◆ **Task to complete**:
The records below hold a stretch from the line with "Εικόνα 3.36 Σύνθεση διπλής καρδιάς" through the line with "Μια βασική λεπτομέρεια"; return exactly those lines, ends included, and nothing more.

◆ **Extracted information**:
****************************************

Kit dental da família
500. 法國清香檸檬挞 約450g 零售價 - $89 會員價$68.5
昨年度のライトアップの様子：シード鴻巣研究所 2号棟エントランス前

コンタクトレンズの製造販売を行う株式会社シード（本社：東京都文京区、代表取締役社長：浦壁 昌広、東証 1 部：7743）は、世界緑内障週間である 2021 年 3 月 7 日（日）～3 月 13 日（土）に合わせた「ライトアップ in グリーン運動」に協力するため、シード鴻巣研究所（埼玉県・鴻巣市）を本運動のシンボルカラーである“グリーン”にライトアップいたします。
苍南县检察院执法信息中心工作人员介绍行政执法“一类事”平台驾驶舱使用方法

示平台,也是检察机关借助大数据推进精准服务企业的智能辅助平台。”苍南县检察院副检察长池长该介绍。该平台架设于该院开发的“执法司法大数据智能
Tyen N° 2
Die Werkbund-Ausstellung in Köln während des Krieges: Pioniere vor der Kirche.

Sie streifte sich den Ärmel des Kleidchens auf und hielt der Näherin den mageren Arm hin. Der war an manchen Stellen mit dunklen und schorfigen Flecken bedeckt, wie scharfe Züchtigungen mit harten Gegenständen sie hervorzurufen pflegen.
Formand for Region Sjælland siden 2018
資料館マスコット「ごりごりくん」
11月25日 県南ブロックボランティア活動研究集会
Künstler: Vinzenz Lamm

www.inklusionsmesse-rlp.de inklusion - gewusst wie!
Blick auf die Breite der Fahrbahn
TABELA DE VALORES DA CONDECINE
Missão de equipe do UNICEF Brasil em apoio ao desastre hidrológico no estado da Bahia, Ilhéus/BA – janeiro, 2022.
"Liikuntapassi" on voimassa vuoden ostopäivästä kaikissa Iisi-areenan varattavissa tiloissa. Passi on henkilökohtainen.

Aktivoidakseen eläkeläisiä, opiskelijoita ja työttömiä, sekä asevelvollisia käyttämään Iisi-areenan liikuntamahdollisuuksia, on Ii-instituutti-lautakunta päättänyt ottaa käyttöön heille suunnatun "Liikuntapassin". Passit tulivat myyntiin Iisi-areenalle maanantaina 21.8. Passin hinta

****************************************

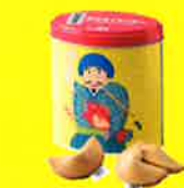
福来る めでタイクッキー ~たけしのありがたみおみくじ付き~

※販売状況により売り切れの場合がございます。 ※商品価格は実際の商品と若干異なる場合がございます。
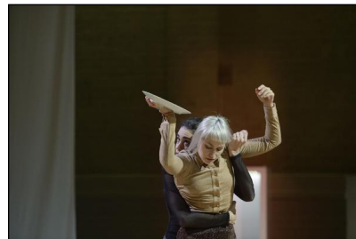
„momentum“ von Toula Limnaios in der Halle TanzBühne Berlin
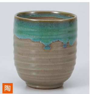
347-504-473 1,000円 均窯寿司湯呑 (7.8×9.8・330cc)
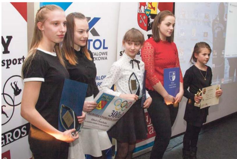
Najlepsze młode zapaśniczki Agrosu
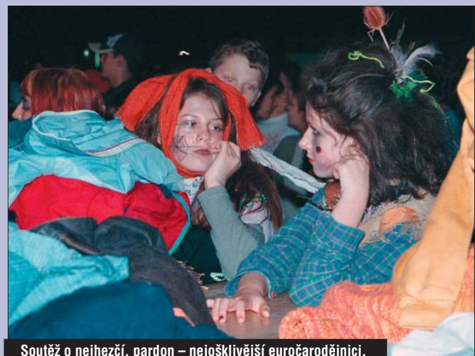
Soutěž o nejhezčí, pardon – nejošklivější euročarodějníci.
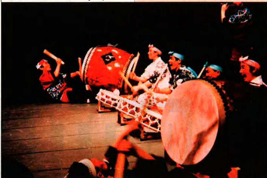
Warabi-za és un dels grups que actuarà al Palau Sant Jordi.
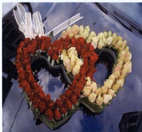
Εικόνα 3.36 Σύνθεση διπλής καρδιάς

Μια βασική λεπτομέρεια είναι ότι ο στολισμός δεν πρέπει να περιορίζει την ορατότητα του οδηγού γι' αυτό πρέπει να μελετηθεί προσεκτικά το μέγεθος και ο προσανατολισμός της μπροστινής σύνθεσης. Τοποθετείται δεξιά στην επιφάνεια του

****************************************

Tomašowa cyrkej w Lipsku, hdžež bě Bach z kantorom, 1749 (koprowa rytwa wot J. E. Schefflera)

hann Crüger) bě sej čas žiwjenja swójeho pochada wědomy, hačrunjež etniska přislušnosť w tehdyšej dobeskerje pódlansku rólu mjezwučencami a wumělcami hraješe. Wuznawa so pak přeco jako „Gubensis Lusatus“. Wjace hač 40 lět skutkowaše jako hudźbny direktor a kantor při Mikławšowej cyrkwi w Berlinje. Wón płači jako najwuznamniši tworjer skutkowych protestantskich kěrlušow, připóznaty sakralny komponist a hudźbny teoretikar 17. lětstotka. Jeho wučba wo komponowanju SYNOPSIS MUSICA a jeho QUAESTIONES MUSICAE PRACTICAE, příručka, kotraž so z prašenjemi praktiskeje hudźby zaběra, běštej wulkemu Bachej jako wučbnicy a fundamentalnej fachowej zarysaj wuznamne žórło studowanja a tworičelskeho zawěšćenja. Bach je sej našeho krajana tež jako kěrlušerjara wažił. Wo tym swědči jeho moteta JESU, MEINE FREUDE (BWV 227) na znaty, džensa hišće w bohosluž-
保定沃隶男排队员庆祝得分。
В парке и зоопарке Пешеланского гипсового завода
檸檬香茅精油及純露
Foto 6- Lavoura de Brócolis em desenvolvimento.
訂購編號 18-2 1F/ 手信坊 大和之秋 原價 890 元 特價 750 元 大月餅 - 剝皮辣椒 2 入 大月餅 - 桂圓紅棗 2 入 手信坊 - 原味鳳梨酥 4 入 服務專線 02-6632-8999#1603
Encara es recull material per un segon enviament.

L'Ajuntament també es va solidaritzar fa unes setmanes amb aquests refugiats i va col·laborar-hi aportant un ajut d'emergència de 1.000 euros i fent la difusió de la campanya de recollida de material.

****************************************

◆ **Output**:
Εικόνα 3.36 Σύνθεση διπλής καρδιάς

Μια βασική λεπτομέρεια είναι ότι ο στολισμός δεν πρέπει να περιορίζει την ορατότητα του οδηγού γι' αυτό πρέπει να μελετηθεί προσεκτικά το μέγεθος και ο προσανατολισμός της μπροστινής σύνθεσης. Τοποθετείται δεξιά στην επιφάνεια του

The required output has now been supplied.